Q: What are the three Pod Security Standard levels, and which admission controller enforces them?
A: Privileged (unrestricted), Baseline (blocks known risks), and Restricted (defense-in-depth). Enforced by the Pod Security Admission (PSA) controller via namespace labels.

Q: Why must you always allow DNS egress when implementing default-deny NetworkPolicy?
A: Default-deny blocks ALL egress including UDP/TCP port 53 to CoreDNS in kube-system.

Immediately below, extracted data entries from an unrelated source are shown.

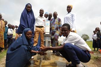 -Students of Government Day Secondary School, Gujeni, Kagarko, Kaduna State, at the Newly Constructed Water Borehole by Julius Berger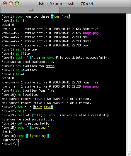 命令 11 和 12 演示空格规则。尽管在命令 12 中变量没有放在双引号中,但是 fish 在命令 11 中保留空格。非常好。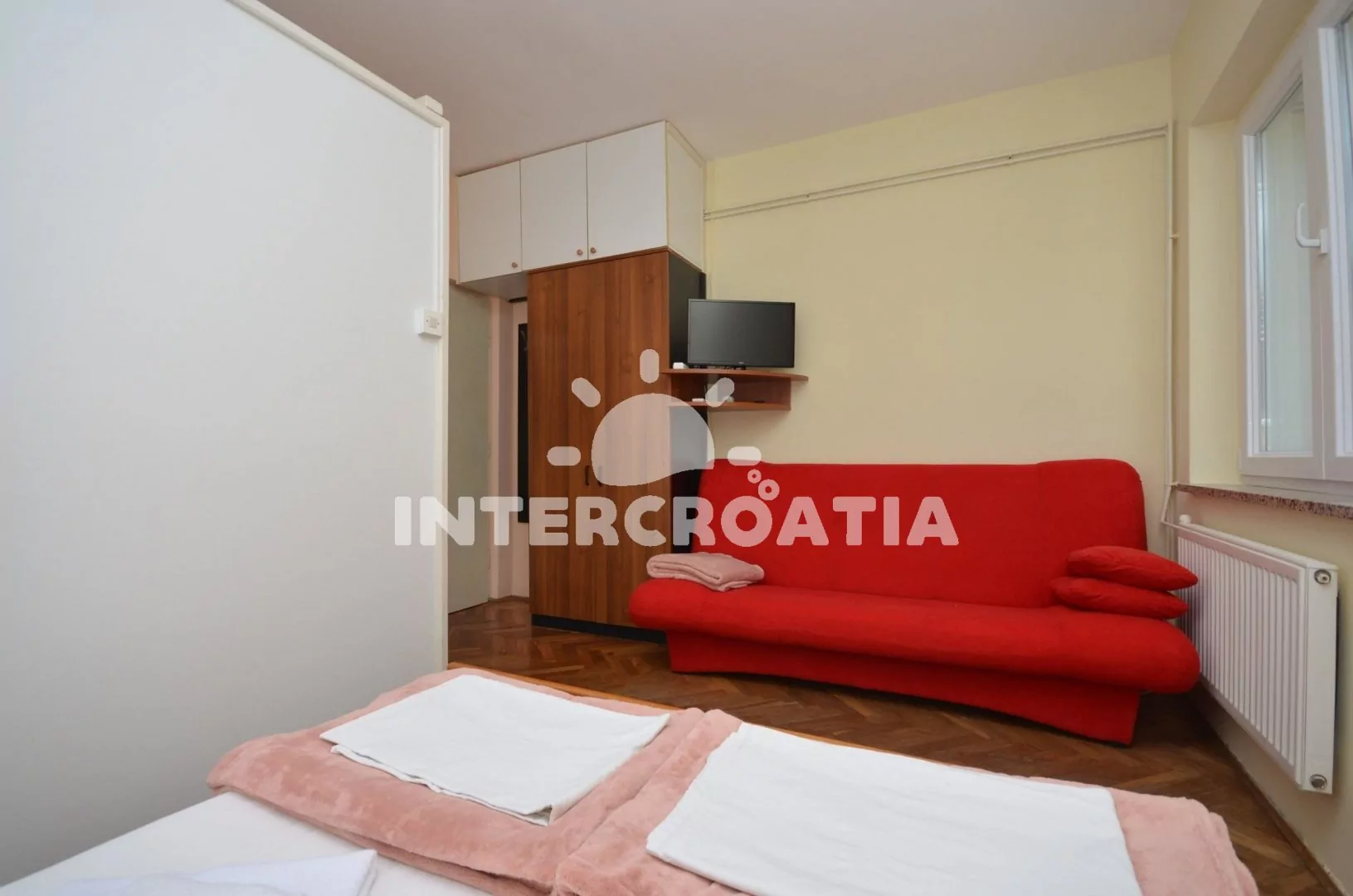 Apartmán (30 m2) typu studio s vlastní terasou a výhledem do zahrady se nachází v přízemí domu. Obývací místnost je spojena s kuchyní. Kuchyňská linka je vybavena dvouplotýnkovým vařičem, rychlovarnou konvicí, kávovarem, nádobím a lednicí s mrazákem. Obývací místnost s pohovkou, televizí se satelitním programem, klimatizací, jedním dvoulůžkem a vstupem na terasu. Koupelna se sprchovým koutem, umyvadlem a wc. Hostům je k dispozici parkování u objektu zdarma.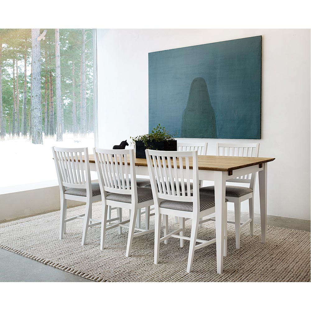 Viggsö stol tillsammans med Ekliden matbord från Torkelson. Viggsö stol i vitlack med randig tygsits. Ekliden matbord med skiva i massiv oljad ek/ underrede i vitlack.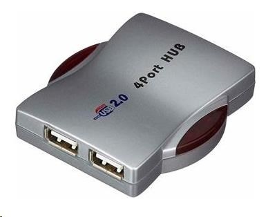 USB 2.0 HUB 4 porty, externí bez napájení - USB 2.0, 1.1 kompatibilní - přenos rychlostmi 1.5Mbps/12Mbps/480Mbps - napájení ze sběrnice (nepotřebuje napájecí adaptér) - hot plug (připojování bez restartu PC) - overcurent detekce a prevence proti přetížení zařízení - včetně USB kabelu 1m - LED signaliazce stavu - 4 porty pro připojení zařízení - až 127 zařízení do kaskády Kompaktní USB HUB vhodný například k notebooku nebo stolnímu PC pro rozšíření počtu USB 2.0 portů. Pěkný design, stříbrný kryt, porty prakticky umístěné z obou stran pro lepší připojení periferií. Baleno v blistru se závěsným systémem..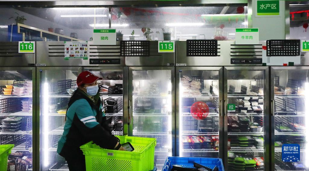 3月15日深夜,在位于上海閔行區(qū)老滬閔路的一家網絡購物平臺倉配站點,工作人員將一批生鮮肉制品放入冷藏柜。

Without it, pods cannot resolve service names, breaking service discovery completely.

Q: What is the difference between pod-level and container-level SecurityContext?
A: Pod-level applies to all containers (e.g., runAsNonRoot, seccompProfile). Container-level overrides for that specific container (e.g., readOnlyRootFilesystem, capabilities). Container settings take precedence.

Q: Why are volume-mounted Secrets more secure than environment variables, and what extra protection does GKE provide?
A: Environment variables are visible via /proc/<pid>/environ. Volume-mounted Secrets use tmpfs (memory-only, never touches disk). GKE encrypts etcd at rest by default and supports CMEK for customer-controlled encryption.